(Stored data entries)
*** Block opens ***
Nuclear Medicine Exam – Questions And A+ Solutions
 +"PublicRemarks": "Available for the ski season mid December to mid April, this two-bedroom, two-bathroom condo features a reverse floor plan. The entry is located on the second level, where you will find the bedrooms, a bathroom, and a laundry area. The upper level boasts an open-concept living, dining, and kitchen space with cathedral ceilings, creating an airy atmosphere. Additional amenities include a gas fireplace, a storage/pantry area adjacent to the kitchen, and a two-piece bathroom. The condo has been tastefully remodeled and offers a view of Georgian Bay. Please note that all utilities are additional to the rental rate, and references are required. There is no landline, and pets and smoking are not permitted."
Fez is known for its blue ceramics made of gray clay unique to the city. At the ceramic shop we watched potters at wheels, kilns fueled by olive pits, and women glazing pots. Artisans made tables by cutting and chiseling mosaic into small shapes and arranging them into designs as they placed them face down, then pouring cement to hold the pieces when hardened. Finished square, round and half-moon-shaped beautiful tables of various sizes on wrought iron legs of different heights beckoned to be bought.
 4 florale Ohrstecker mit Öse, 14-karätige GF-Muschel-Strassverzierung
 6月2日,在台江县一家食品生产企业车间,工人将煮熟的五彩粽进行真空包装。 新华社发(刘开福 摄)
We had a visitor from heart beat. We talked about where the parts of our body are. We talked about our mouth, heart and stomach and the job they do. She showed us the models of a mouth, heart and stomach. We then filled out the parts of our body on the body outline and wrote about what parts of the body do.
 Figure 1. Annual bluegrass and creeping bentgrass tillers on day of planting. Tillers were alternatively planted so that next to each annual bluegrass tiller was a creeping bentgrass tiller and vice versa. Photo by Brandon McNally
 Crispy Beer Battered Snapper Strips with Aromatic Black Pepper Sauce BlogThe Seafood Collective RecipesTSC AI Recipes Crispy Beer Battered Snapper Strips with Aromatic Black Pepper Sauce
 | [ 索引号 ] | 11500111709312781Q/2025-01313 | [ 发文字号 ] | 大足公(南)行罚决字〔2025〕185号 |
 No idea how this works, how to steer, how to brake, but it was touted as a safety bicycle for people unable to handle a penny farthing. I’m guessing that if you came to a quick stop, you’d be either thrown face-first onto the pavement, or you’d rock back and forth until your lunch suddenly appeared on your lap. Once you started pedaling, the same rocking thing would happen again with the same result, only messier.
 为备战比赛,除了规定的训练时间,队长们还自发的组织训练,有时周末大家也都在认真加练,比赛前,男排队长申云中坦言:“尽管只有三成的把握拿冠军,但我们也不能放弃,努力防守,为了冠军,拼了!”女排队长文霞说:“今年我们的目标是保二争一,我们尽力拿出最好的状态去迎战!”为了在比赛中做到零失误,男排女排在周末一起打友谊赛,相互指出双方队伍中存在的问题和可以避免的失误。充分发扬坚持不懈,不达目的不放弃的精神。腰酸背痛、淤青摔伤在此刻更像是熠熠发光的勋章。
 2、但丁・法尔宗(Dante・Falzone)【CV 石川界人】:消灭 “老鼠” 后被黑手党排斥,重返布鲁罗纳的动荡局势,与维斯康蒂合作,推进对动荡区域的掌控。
*** Block closes ***
## [PROBLEM STATEMENT]
Reproduce every line of the data exactly as it was written.

## [EXERCISE RESULT]
Nuclear Medicine Exam – Questions And A+ Solutions
 +"PublicRemarks": "Available for the ski season mid December to mid April, this two-bedroom, two-bathroom condo features a reverse floor plan. The entry is located on the second level, where you will find the bedrooms, a bathroom, and a laundry area. The upper level boasts an open-concept living, dining, and kitchen space with cathedral ceilings, creating an airy atmosphere. Additional amenities include a gas fireplace, a storage/pantry area adjacent to the kitchen, and a two-piece bathroom. The condo has been tastefully remodeled and offers a view of Georgian Bay. Please note that all utilities are additional to the rental rate, and references are required. There is no landline, and pets and smoking are not permitted."
Fez is known for its blue ceramics made of gray clay unique to the city. At the ceramic shop we watched potters at wheels, kilns fueled by olive pits, and women glazing pots. Artisans made tables by cutting and chiseling mosaic into small shapes and arranging them into designs as they placed them face down, then pouring cement to hold the pieces when hardened. Finished square, round and half-moon-shaped beautiful tables of various sizes on wrought iron legs of different heights beckoned to be bought.
 4 florale Ohrstecker mit Öse, 14-karätige GF-Muschel-Strassverzierung
 6月2日,在台江县一家食品生产企业车间,工人将煮熟的五彩粽进行真空包装。 新华社发(刘开福 摄)
We had a visitor from heart beat. We talked about where the parts of our body are. We talked about our mouth, heart and stomach and the job they do. She showed us the models of a mouth, heart and stomach. We then filled out the parts of our body on the body outline and wrote about what parts of the body do.
 Figure 1. Annual bluegrass and creeping bentgrass tillers on day of planting. Tillers were alternatively planted so that next to each annual bluegrass tiller was a creeping bentgrass tiller and vice versa. Photo by Brandon McNally
 Crispy Beer Battered Snapper Strips with Aromatic Black Pepper Sauce BlogThe Seafood Collective RecipesTSC AI Recipes Crispy Beer Battered Snapper Strips with Aromatic Black Pepper Sauce
 | [ 索引号 ] | 11500111709312781Q/2025-01313 | [ 发文字号 ] | 大足公(南)行罚决字〔2025〕185号 |
 No idea how this works, how to steer, how to brake, but it was touted as a safety bicycle for people unable to handle a penny farthing. I’m guessing that if you came to a quick stop, you’d be either thrown face-first onto the pavement, or you’d rock back and forth until your lunch suddenly appeared on your lap. Once you started pedaling, the same rocking thing would happen again with the same result, only messier.
 为备战比赛,除了规定的训练时间,队长们还自发的组织训练,有时周末大家也都在认真加练,比赛前,男排队长申云中坦言:“尽管只有三成的把握拿冠军,但我们也不能放弃,努力防守,为了冠军,拼了!”女排队长文霞说:“今年我们的目标是保二争一,我们尽力拿出最好的状态去迎战!”为了在比赛中做到零失误,男排女排在周末一起打友谊赛,相互指出双方队伍中存在的问题和可以避免的失误。充分发扬坚持不懈,不达目的不放弃的精神。腰酸背痛、淤青摔伤在此刻更像是熠熠发光的勋章。
 2、但丁・法尔宗(Dante・Falzone)【CV 石川界人】:消灭 “老鼠” 后被黑手党排斥,重返布鲁罗纳的动荡局势,与维斯康蒂合作,推进对动荡区域的掌控。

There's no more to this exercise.